§ WHAT IS BEING ASKED:
Output the line that contains "Три соленых огурца" together with each line after it, through the final line of the listing below, word for word; omit pictures.

§ RECORDED INFORMATION:
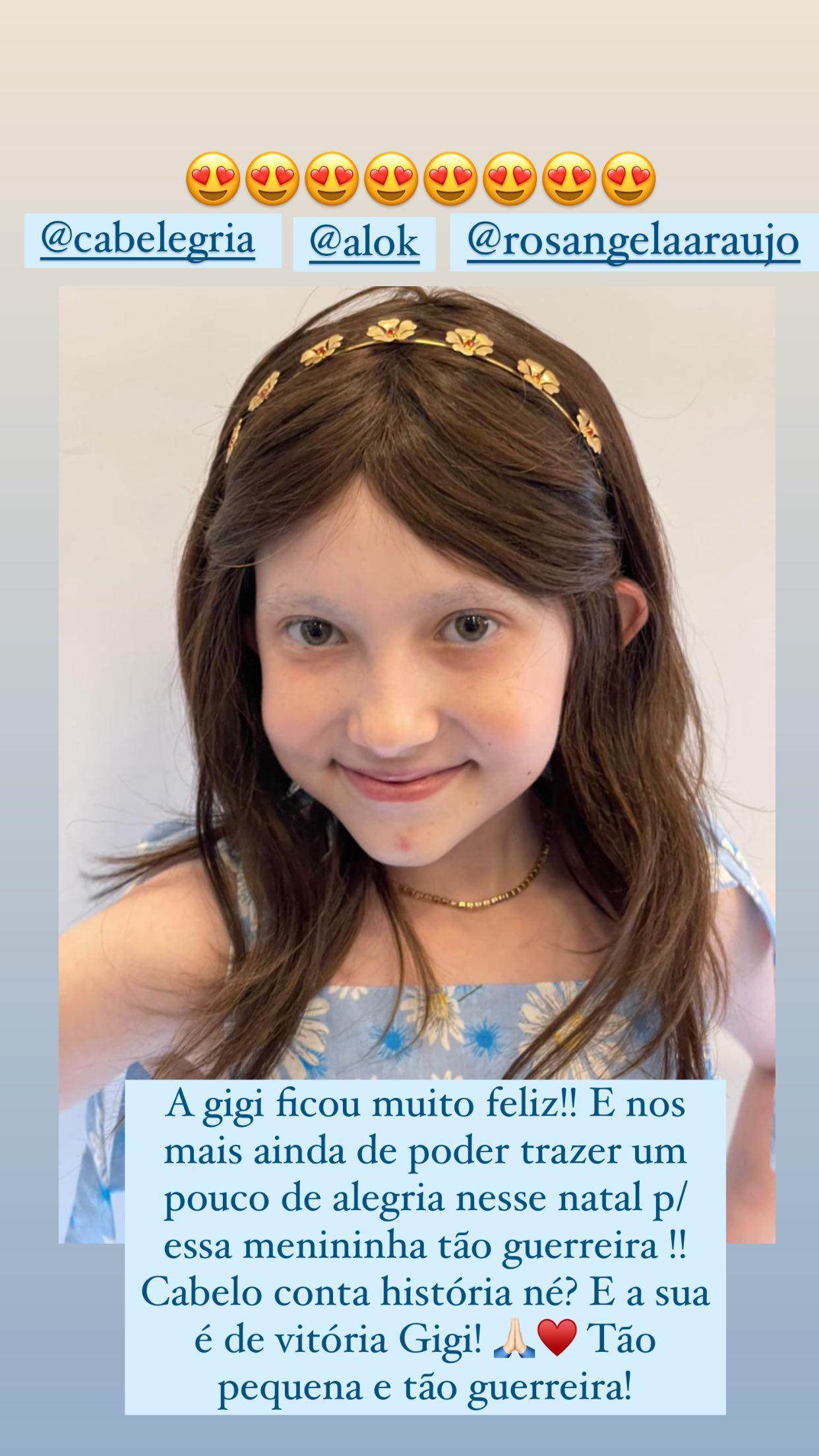 A influenciadora, então, mostrou a pequena Giovana usando a peruca e se derreteu de amores. "A Gigi ficou muito feliz! E nós mais ainda de poder trazer um pouco de alegria nesse Natal para essa menininha tão guerreira! Cabelo conta história, né? E a sua é de vitória, Gigi. Tão pequena e tão guerreira", finalizou.
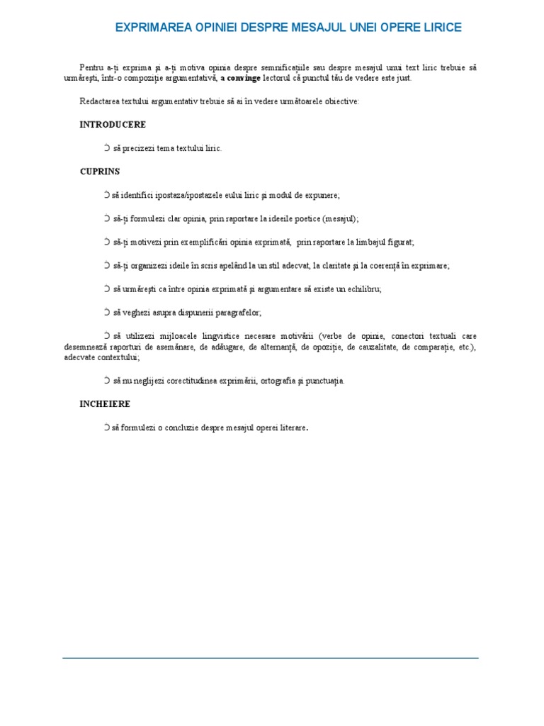 Exprimarea Opiniei Despre Mesajul Unei Opere Lirice Pdf Document
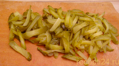 Три соленых огурца нарезают на соломку. Перекладывают их в кастрюлю и готовят еще 5 минут.
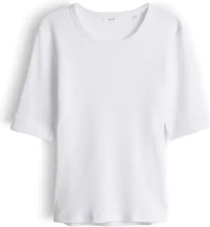 Damen Kurzarmshirt | Feines Rippshirt SUSTAFA Slim aus BCI Cotton Mix White, 44

§ RESPONSE AREA:
 Три соленых огурца нарезают на соломку. Перекладывают их в кастрюлю и готовят еще 5 минут.
 Damen Kurzarmshirt | Feines Rippshirt SUSTAFA Slim aus BCI Cotton Mix White, 44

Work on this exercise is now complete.